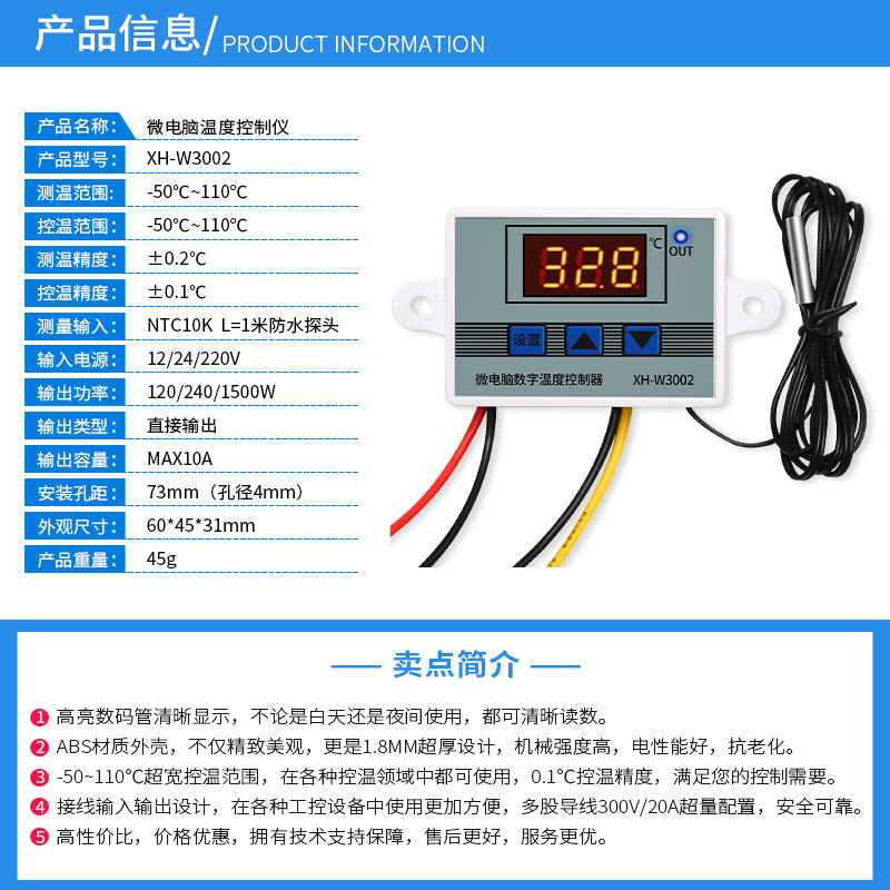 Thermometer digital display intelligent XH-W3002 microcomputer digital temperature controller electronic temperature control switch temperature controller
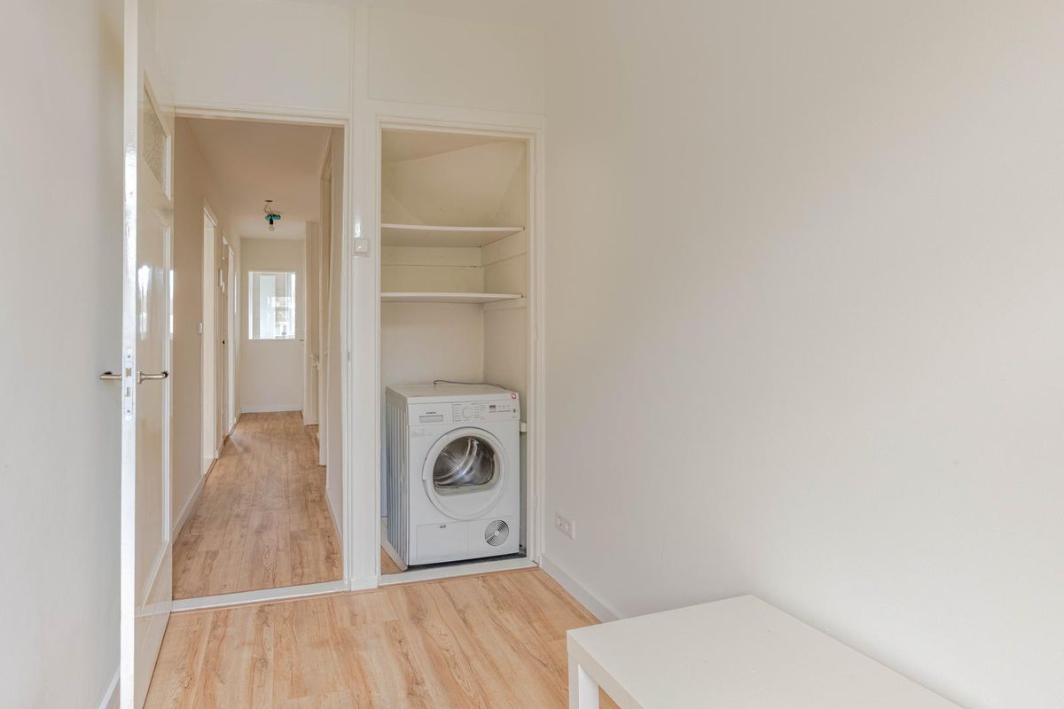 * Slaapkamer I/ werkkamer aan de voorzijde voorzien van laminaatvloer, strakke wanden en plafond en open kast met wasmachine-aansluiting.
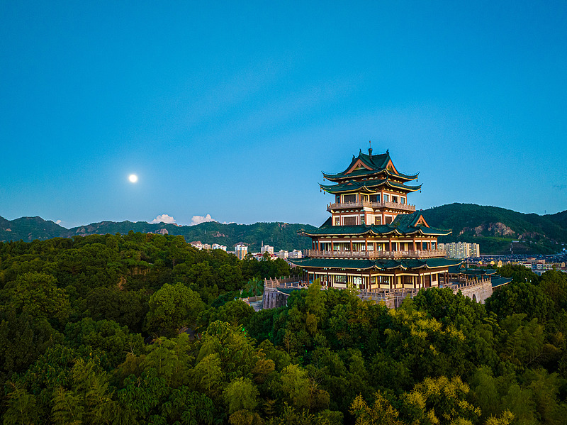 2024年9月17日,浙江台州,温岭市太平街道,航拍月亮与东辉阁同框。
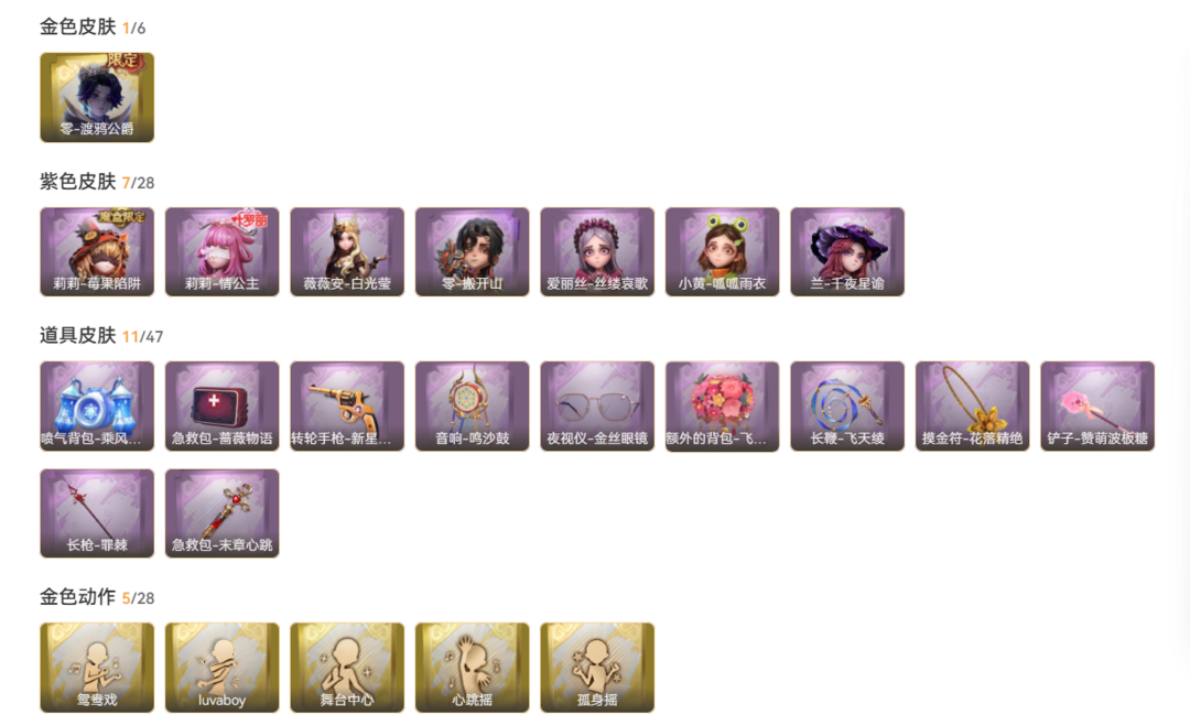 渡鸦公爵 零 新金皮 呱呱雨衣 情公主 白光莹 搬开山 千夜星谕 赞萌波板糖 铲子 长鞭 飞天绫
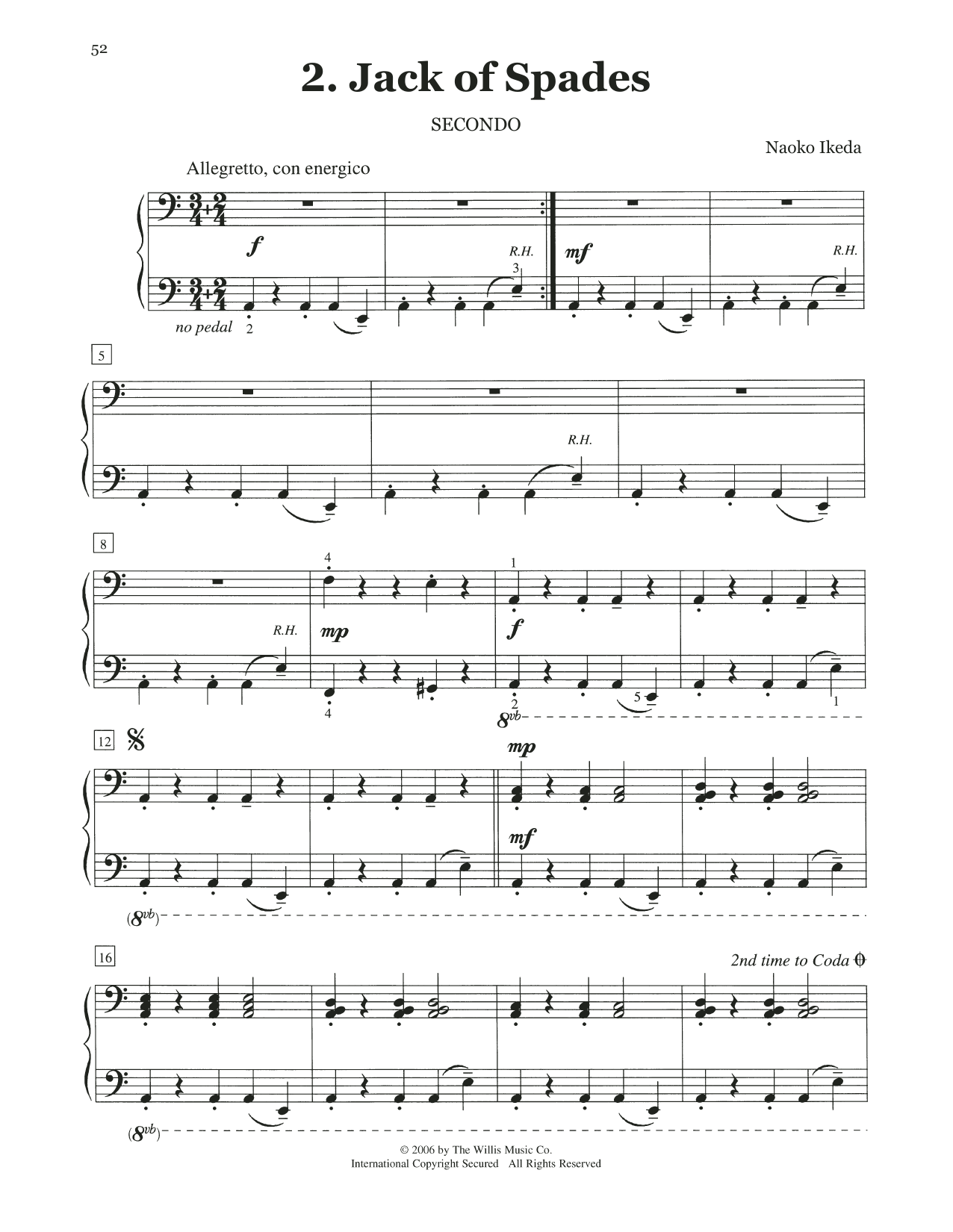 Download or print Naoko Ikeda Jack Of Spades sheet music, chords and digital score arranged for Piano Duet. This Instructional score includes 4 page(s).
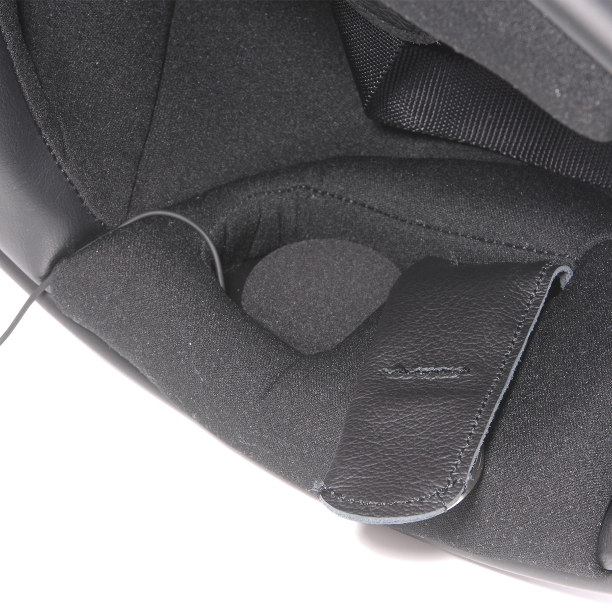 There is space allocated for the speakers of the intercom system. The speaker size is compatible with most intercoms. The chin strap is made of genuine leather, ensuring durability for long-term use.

_TASK:_ Everything from the line with "渡鸦公爵 零 新金皮 呱呱雨衣" through the last line of the listing above is to be copied exactly, both ends included, except the pictures.

_SOLUTION TO THIS TASK:_
 渡鸦公爵 零 新金皮 呱呱雨衣 情公主 白光莹 搬开山 千夜星谕 赞萌波板糖 铲子 长鞭 飞天绫
 Download or print Naoko Ikeda Jack Of Spades sheet music, chords and digital score arranged for Piano Duet. This Instructional score includes 4 page(s).
 There is space allocated for the speakers of the intercom system. The speaker size is compatible with most intercoms. The chin strap is made of genuine leather, ensuring durability for long-term use.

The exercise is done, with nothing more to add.